- Cover of The Amazing Spider-Man vol. 1, 229 (Jun, 1982), art by John Romita Jr
- Publisher: Marvel Comics
- Publication date: June – July 1982
- Genre: Superhero;
- Title(s): The Amazing Spider-Man #229–230
- Main character(s): Spider-Man The Juggernaut Madame Web Black Tom Cassidy

Creative team
- Writer: Roger Stern
- Penciller: John Romita, Jr.
- Inker: Jim Mooney
- Letterer: Joe Rosen
- Colorist: Glynis Wein
- Editor(s): Tom DeFalco Jim Shooter
- Nothing Can Stop the Juggernaut!: ISBN 0-87135-572-8

= Nothing Can Stop the Juggernaut! =

Marvel Comics storyline

"Nothing Can Stop the Juggernaut!" is a two-issue Spider-Man story arc written by Roger Stern with art by John Romita, Jr. and published by Marvel Comics. The arc appears in The Amazing Spider-Man #229–230.

==Plot summary==
Black Tom Cassidy dispatches the Juggernaut to kidnap Madame Web in the hope that her psychic powers would help them defeat the X-Men. She receives a vision of their plan, and calls Peter Parker to ask him to stop the Juggernaut. Spider-Man makes many attempts to stop the Juggernaut, all of which end in failure. When the Juggernaut reaches Madame Web, he separates her from her life-support system, almost killing her. As Madame Web is taken to a hospital, Spider-Man again tries to stop the Juggernaut, luring him to a construction site and finally trapping him in a pool of wet cement. However it is only a matter of time before the Juggernaut will break free.

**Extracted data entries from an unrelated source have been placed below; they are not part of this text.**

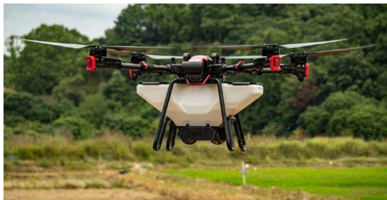
Рис. 2. Агродрон-обприскувач XAG P100 PRO

Для детального обрізування крон плодових дерев застосовують садові платформи, що забезпечують стабільний доступ до верхнього ярусу (на висоті 3,5 – 5,0 м) та створюють безпечні й комфортні умови праці. На українському ринку представлені причіпні моделі вітчизняного виробництва від ГК «Брацлав» і ТОВ «Агромаш-Калина», а також продукція фірми Agromasina S.A. (Молдова). Найбільш досконалою вважається універсальна самохідна італійська платформа Zip 30 фірми Blosi (рис. 3, а).
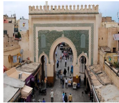
3- Médina de Fès

[ ] au Sénégal [ ] au Maroc [ ] en Côte d'Ivoire
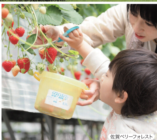
佐賀ベリーフォレスト
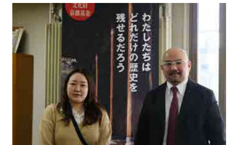
令和5年3月眞鍋代表取締役へ訪庁いただき、感謝状を贈呈させていただきました。
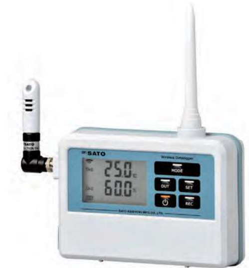
CH1: 一体センサ ※センサは別売りです
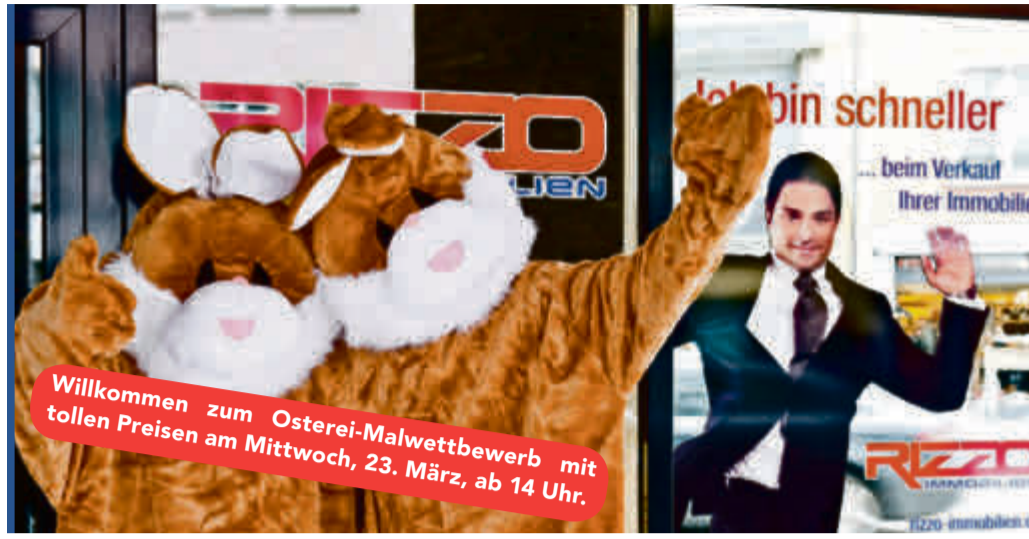
Besuch am Mittwoch vor Ostern – Bei Rizzo Immobilien ist auch der Osterhase schneller. pd.

Preis: VB CHF 700 000.– zzgl. 2 TG-PP à CHF 25 000.–
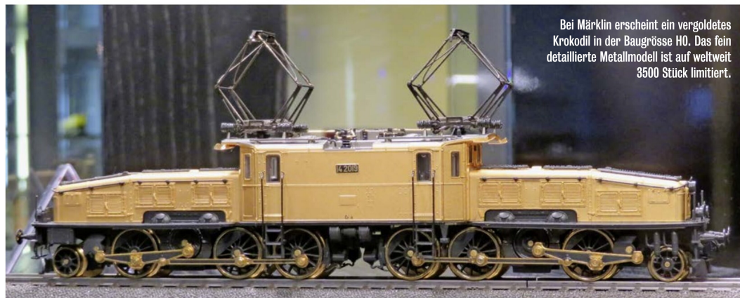
Bei Märklin erscheint ein vergoldetes Krokodil in der Baugrösse H0. Das fein detaillierte Metallmodell ist auf weltweit 3500 Stück limitiert.
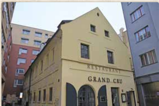
Nejkrásnější dům tohoto okrsku: Lodecká 181/4

a jeho chotí Kunhutou Štaufskou. Zakladatelčin odkaz pak můžeme doslova cítit v kapli Panny Marie i v její soukromé svatyni, zatímco každodenní život konventu nám připomene třeba unikátní otopná pec, později přestavěná na chlebovou.
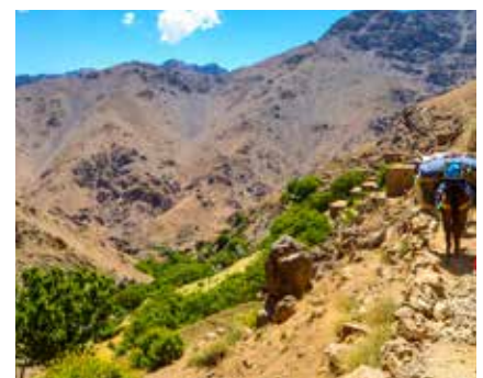
Üppiges Grün trifft auf wüstenhaften Charakter
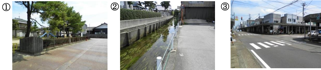
① 中央公園の周辺。街灯が少なく、人通りも少ない。
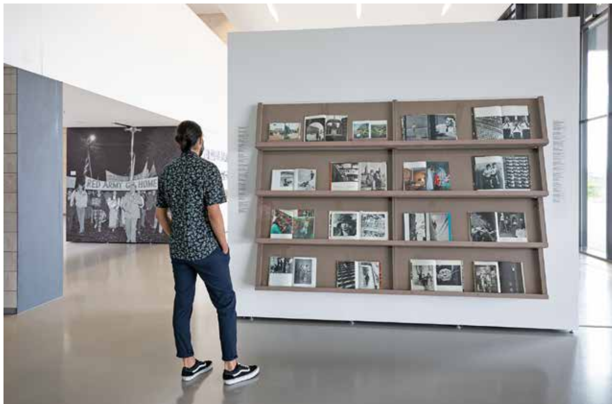
Paroda „Fotoblokas. Centrinė Europa fotoknygose“ Nacionalinėje dailės galerijoje. Ekspozicijos fragmentas. Vilnius, 2021

Trečias parodos skyrius „Naujos valstybės kūrimas“ skirtas propagandai, kuri fotoknygos puslapiuose aptinkama per visą šimtametę jos istoriją. XX a. 3–4 deš. atgavusios nepriklausomybę, kai kuriais atvejais naujai susikūrusios Vidurio Europos šalys dinamiškai kūrė savo tautines tapatybes, dažnai tam tikslui pasitelkdamos šiuolaikinės vizualinės kultūros priemones, tokias kaip brošiūros ir fotoknygos. Tautinė propaganda naudojo avangardistų išvystytą vizualinę retoriką, šlovindama naujus pramonės (ypač 4 deš. pabaigoje) ir karinius laimėjimus. Stiprėjant nacionalistinėms tendencijoms, buvo propaguojami nauji tapatybės naratyvai,
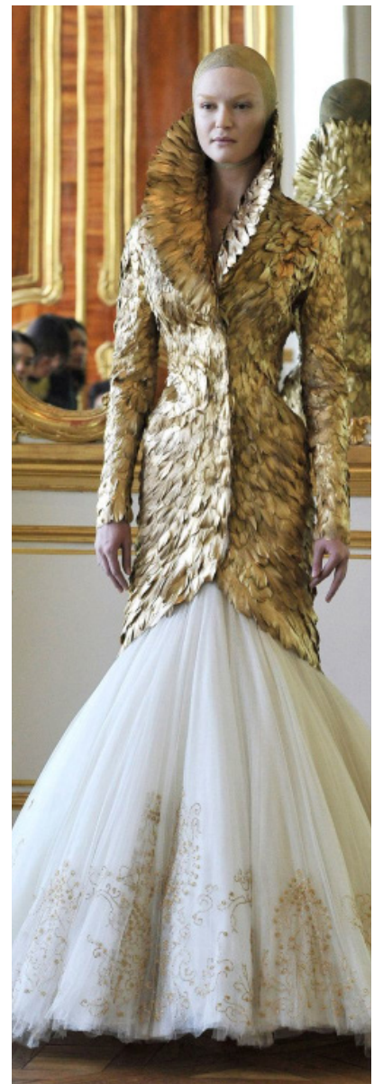
Fig. 9. Colección póstuma de Alexander Mc Queen, en 2010. El vestido se basa en las aves, según el bestiario medieval, símbolos de buen agüero por su proximidad con el cielo.

http://cultura.elpais.com/cultura/2010/03/10/album/
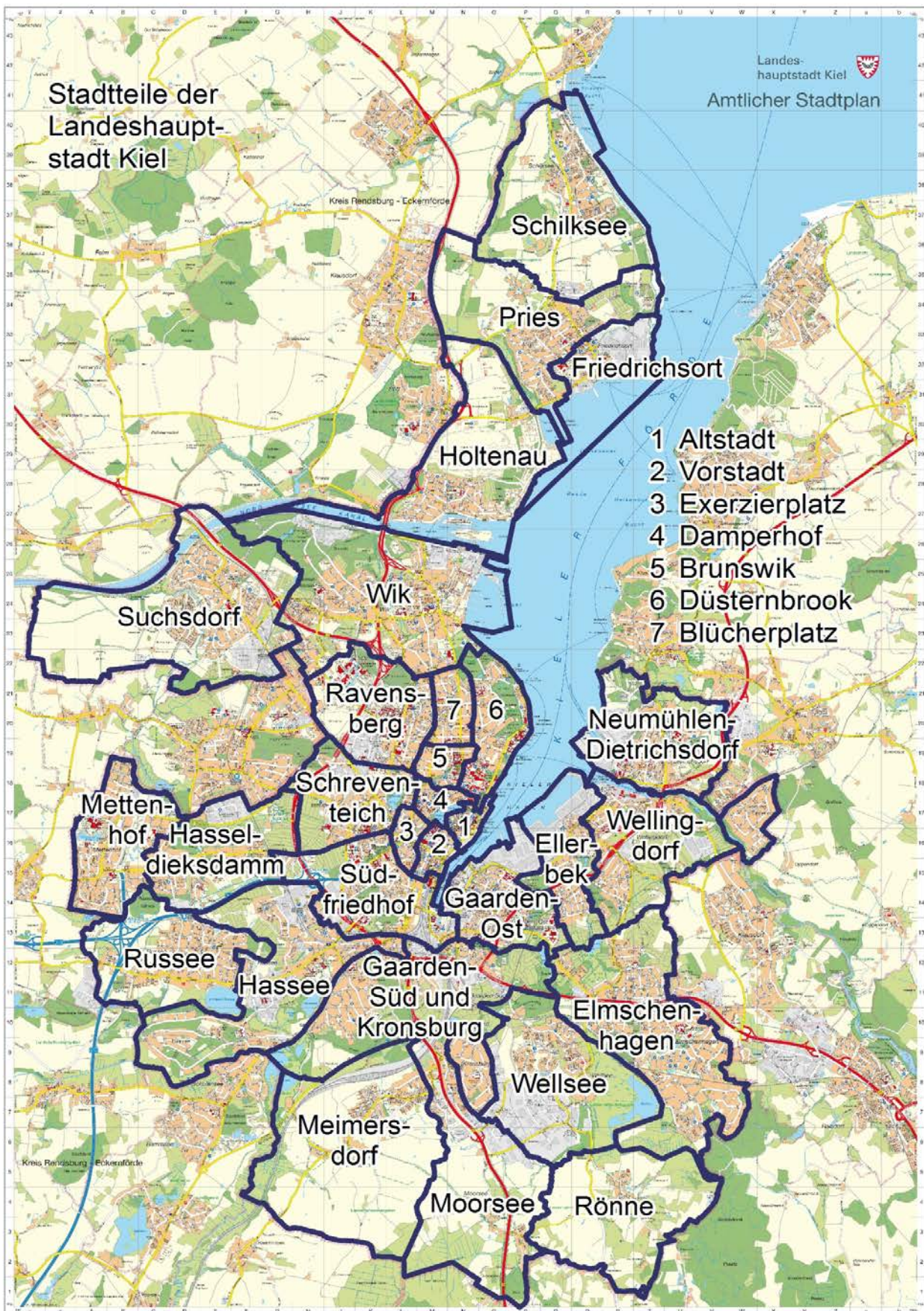
Grafik 102. Die Kieler Stadtteile
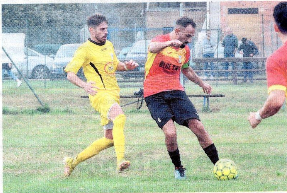
Stagione veramente da dimenticare per il Vigliano
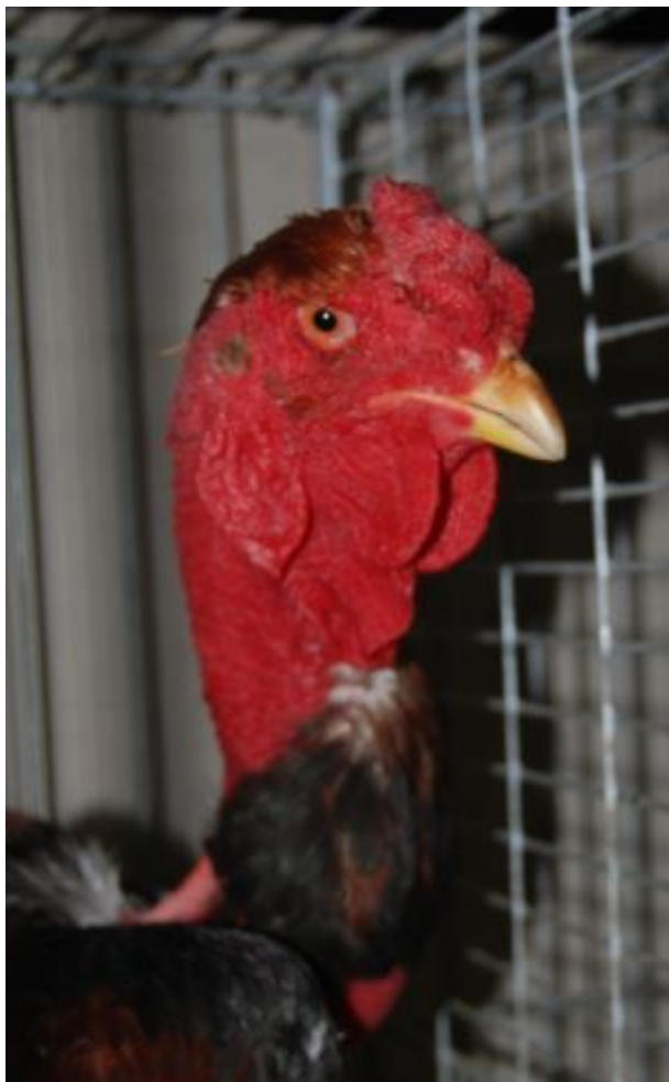
Links: Kopstudie Madagaskar vechthaan.

In de VS bereikten hanengevechten hun hoogtijdagen tussen 1750 en 1800. Hanengevechten waren door het gehele land redelijk populair, maar uitzonderlijk populair in de zuidelijk staten, in het bijzonder in de staat Louisiana. Amerikaanse eigenaren van vechthanen fokten hanen voor speciale (vecht) doeleinden. Ze fokten uitgesproken vechtdieren met namen zoals de fameuze Hatch, Kelso, Whitehackles en andere stammen. Hanengevechten werden minder bezocht nadat de Burgeroorlog uitbrak.

==Something Can Stop the Juggernaut==
During The Gauntlet and Grim Hunt storyline in 2010, a sequel to "Nothing Can Stop the Juggernaut" called "Something Can Stop the Juggernaut" appears in Amazing Spider-Man #627–629. In this arc, Spider-Man discovers an unconscious Juggernaut, and his subsequent attempt to find out what did this to Juggernaut reveals that he was attacked by the latest incarnation of Captain Universe. The current heir to the Uni-Power is revealed to be William Nguyen, a man whose life was ruined during Spider-Man's battle with the Juggernaut, who believes that it is his duty to destroy the Juggernaut. During the fight, Spider-Man realizes that the Uni-Power's true task for Nguyen is to repair the damage to the tectonic plates under New York that was caused when Juggernaut was digging his way out of concrete, but when he determines to continue attacking the Juggernaut, the Uni-Power transfers from Nguyen to Marko, who repairs the damage but chooses to spare Nguyen on Spider-Man's request. Nguyen goes on to write a book about his experience surviving the Juggernaut.

==Collected editions==
The story is collected as The Sensational Spider-Man: Nothing Can Stop the Juggernaut (ISBN 0871355728). It is also collected in the trade Amazing Spider-Man: The Gauntlet Vol. 4-The Juggernaut (ISBN 0785146148) with its sequel.

Wizard Magazine includes it in its collection Spider-Man: The 10 Greatest Spider-Man Stories Ever (ISBN 0974325368).

==Reception==
Comics Should Be Good featured the story in its series "Comics You Should Own", and users voted it the second greatest Roger Stern story.

SpiderFan.org gave both issues of the arc five webs, its highest rating.